## Supplied data
·····

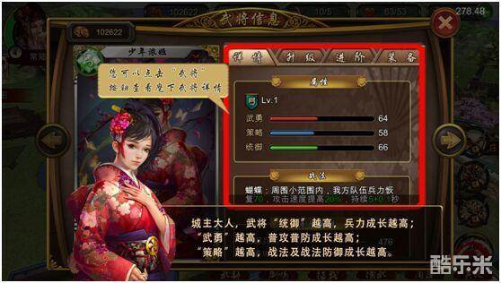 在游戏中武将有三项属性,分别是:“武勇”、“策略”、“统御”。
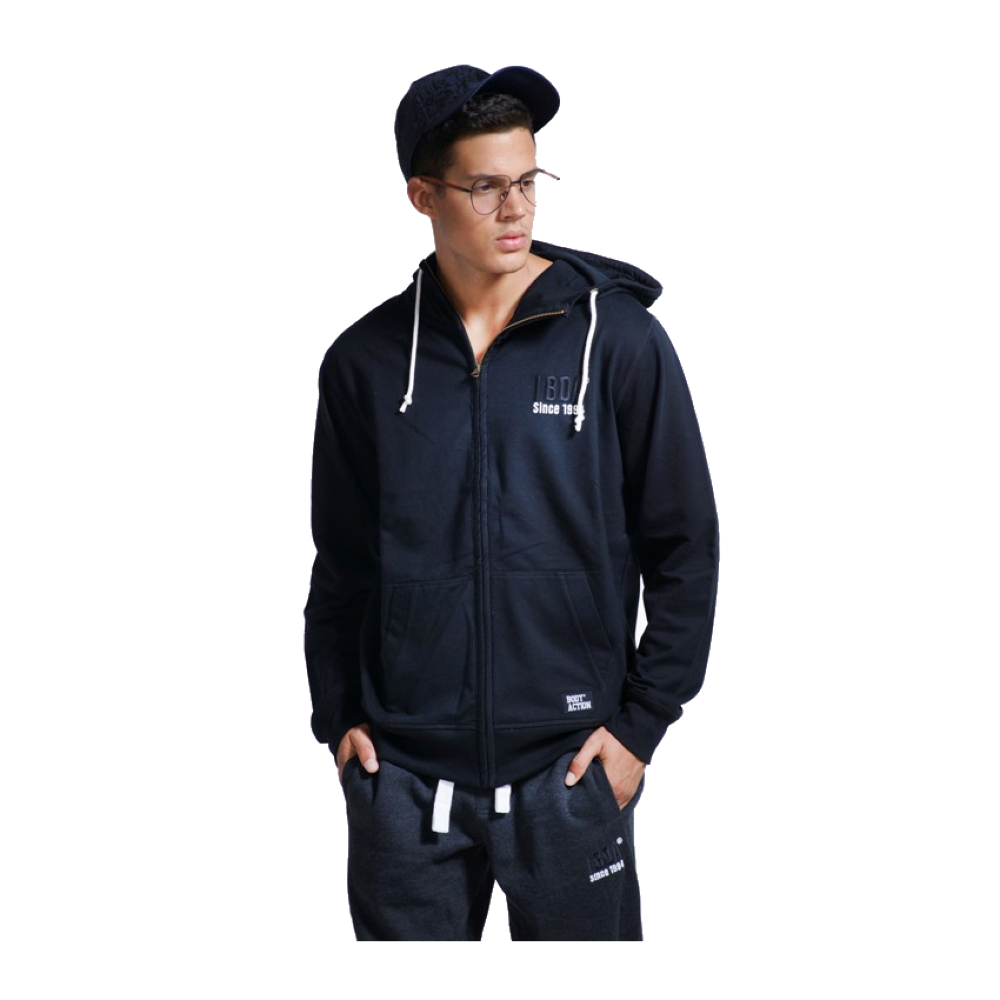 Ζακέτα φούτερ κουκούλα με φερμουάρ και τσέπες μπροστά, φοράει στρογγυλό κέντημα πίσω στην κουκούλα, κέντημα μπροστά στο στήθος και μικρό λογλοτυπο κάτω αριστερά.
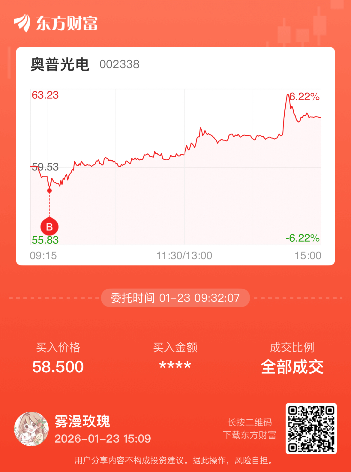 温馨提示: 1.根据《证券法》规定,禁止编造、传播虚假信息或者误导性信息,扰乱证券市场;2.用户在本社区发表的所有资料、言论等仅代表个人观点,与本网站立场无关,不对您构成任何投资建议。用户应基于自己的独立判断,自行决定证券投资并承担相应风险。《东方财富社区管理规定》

·····

## What is needed
Only the lines from the one containing "Ζακέτα φούτερ κουκούλα" to the end of the listing belong in the answer, exactly as they stand and with no pictures.

## Result
 Ζακέτα φούτερ κουκούλα με φερμουάρ και τσέπες μπροστά, φοράει στρογγυλό κέντημα πίσω στην κουκούλα, κέντημα μπροστά στο στήθος και μικρό λογλοτυπο κάτω αριστερά.
 温馨提示: 1.根据《证券法》规定,禁止编造、传播虚假信息或者误导性信息,扰乱证券市场;2.用户在本社区发表的所有资料、言论等仅代表个人观点,与本网站立场无关,不对您构成任何投资建议。用户应基于自己的独立判断,自行决定证券投资并承担相应风险。《东方财富社区管理规定》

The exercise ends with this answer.